Inspiration

Breast cancer is one of the leading causes of death among women worldwide, but early detection can significantly improve survival rates. We wanted to leverage AI to build a tool that makes detection faster, accessible, and interactive

What it does

Chatbot that collects 30 diagnostic features step by step. AI-assisted mammogram (X-ray) analysis. Detailed model evaluation with accuracy, recall, precision, and confusion matrix.

How we built it

Dataset preprocessing with Pandas. Machine learning model using LinearSVC. Interactive web app built with Streamlit. X-ray image analysis powered by Gemini AI.

Visualization using Matplotlib and Seaborn

Challenges we ran into

Handling 30 different diagnostic features in a user-friendly way. Designing an intuitive chatbot-like flow for medical data entry. Integrating generative AI for X-ray analysis while keeping results concise and explainable.

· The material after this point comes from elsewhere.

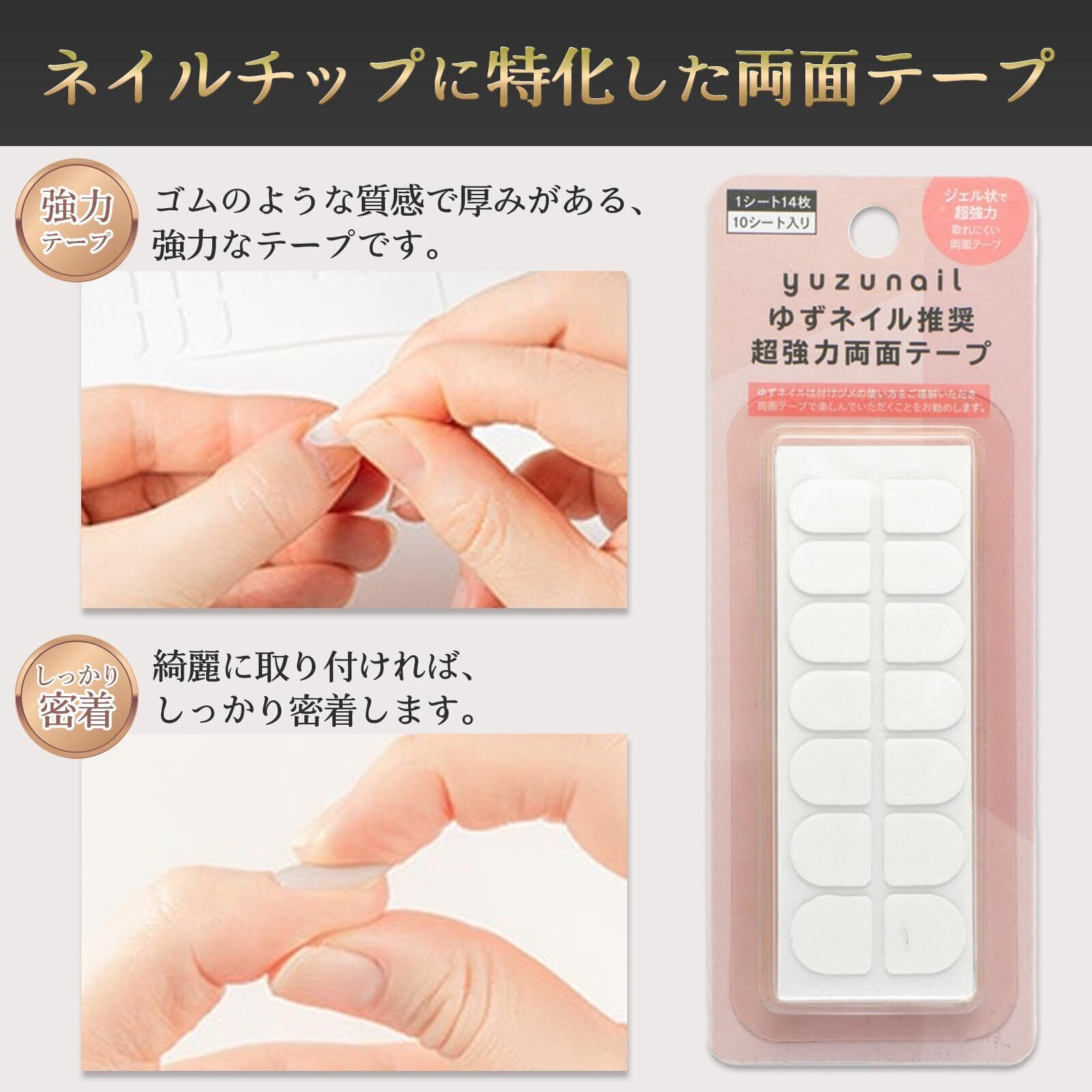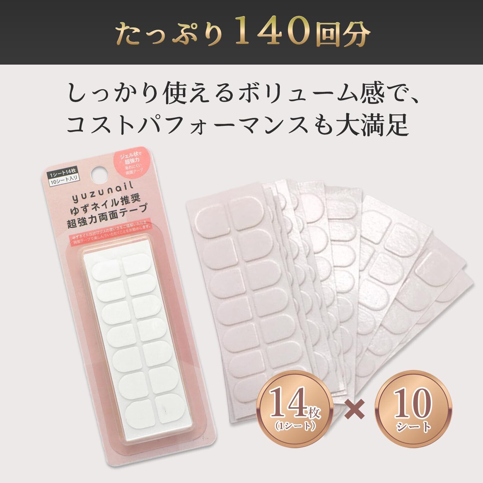 【日本製】ゆずネイル 強力 ネイルチップ シール テープ 両面テープ 接着シール 貼るだけ (140枚入)

Accomplishments that we're proud of

Achieved 97%+ accuracy in cancer detection. Built an interactive, multi-functional Streamlit app. Combined structured data analysis with X-ray image AI in a single platform.

What we learned

How to balance accuracy vs. usability in ML applications. Importance of UI/UX design in healthcare AI tools. Practical integration of ML models with conversational interfaces.

What's next for BreastVisionAI

Expand dataset for higher generalizability. Add deep learning models (CNNs) for more accurate X-ray detection. Deploy as a cloud-based web app for doctors and researchers. Enhance explainability with SHAP/Grad-CAM visualizations.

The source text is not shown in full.